Naive cells (CD44low, CD4high, CD62Lhigh) were labeled with CFSE (Molecular Probes) by incubation with 2 μM CFSE in PBS containing 5% FBS for 5 min at room temperature. Cells were then washed twice with PBS.

C57BL/6 mice were sacrificed, and after cardiac perfusion with PBS, lymphocytes were prepared from lymph nodes (a pool of cervical, axillary, brachial, inguinal, and popliteal nodes), spleen, and lungs. Single-cell suspensions of the tissues were prepared by passage through 40-μm nylon mesh, followed by depleting erythrocytes by Fico/Lite-LM (Atlanta Biologicals) for lymph node and spleen, or Histopaque 1083 (Sigma-Aldrich) for lung. Lymphocytes at the interface were collected and washed before staining with PerCp anti-CD4, allophycocyanin anti-CD44, FITC anti-Ly-6A/E, and PE anti-CD73. The stained cells were analyzed by flow cytometry to obtain the frequency of CD73+ Ly-6A/E and CD73 Ly-6A/E+ memory CD4 cells.
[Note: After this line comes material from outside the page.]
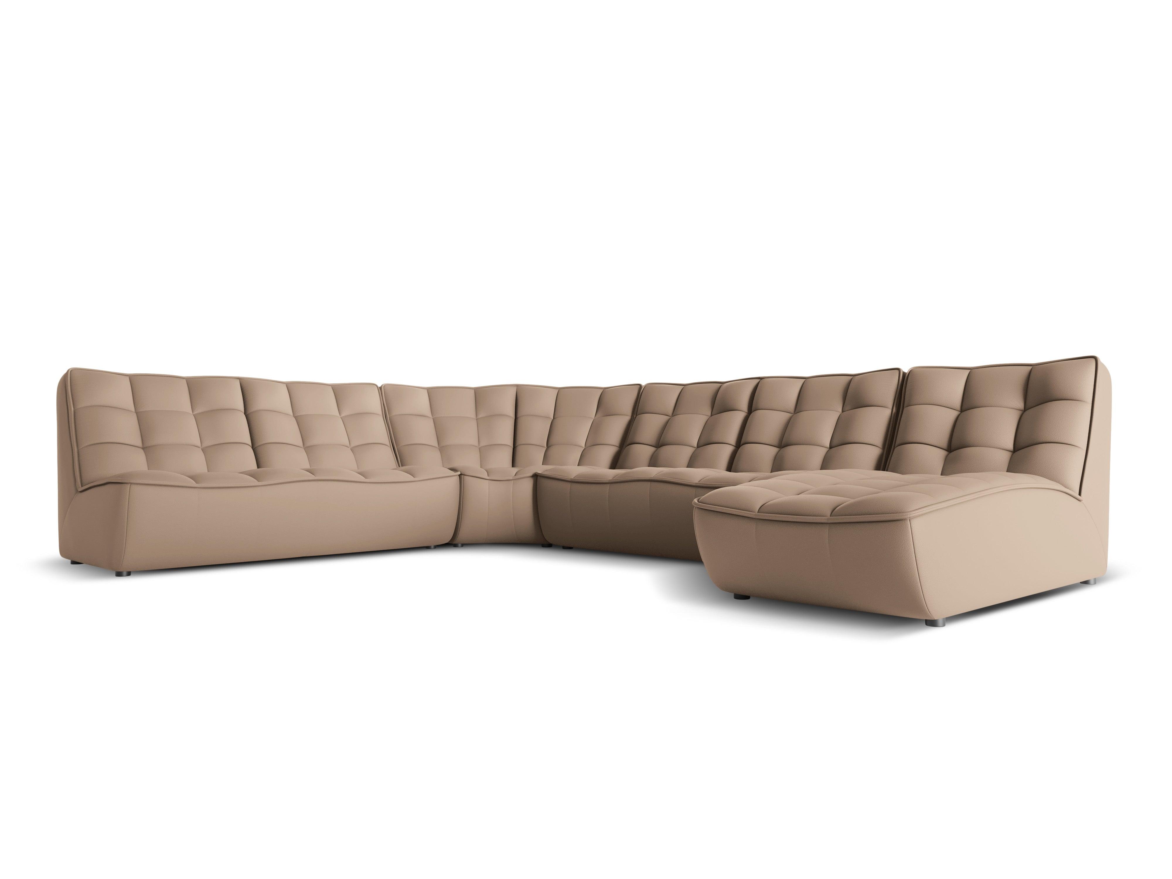 Leder-Ecksofa für acht Personen Moni definiert Funktionalität und Komfort in Kombination mit modernem Design. Stilvolles Steppdesign und die originelle Form eignen sich sowohl für ein elegantes Wohnzimmer als auch für ein modernes Büro. Die Linie der Sitzfläche und der Rückenlehne ist bogenförmig und verfügt über eine sanft geformte Vertiefung, die außergewöhnlichen Nutzungskomfort bietet.

Mice were immunized i.p. with 100 μg of keyhole limpet hemocyanin (KLH, endotoxin-free; Calbiochem) in 100 μl of PBS. After 14 days, cells from both spleen and lymph nodes (cervical, axillary, brachial, inguinal, and popliteal) were enriched for CD4 T cells by depleting CD8 and B cells on MACS columns. After staining with PerCp anti-CD4, allophycocyanin anti-CD44, FITC anti-Ly-6A/E, and PE anti-CD73, these cells were analyzed by flow cytometry, and subpopulations were sorted as indicated in individual experiments. Differentiation of sorted populations was conducted as described for naive T cells.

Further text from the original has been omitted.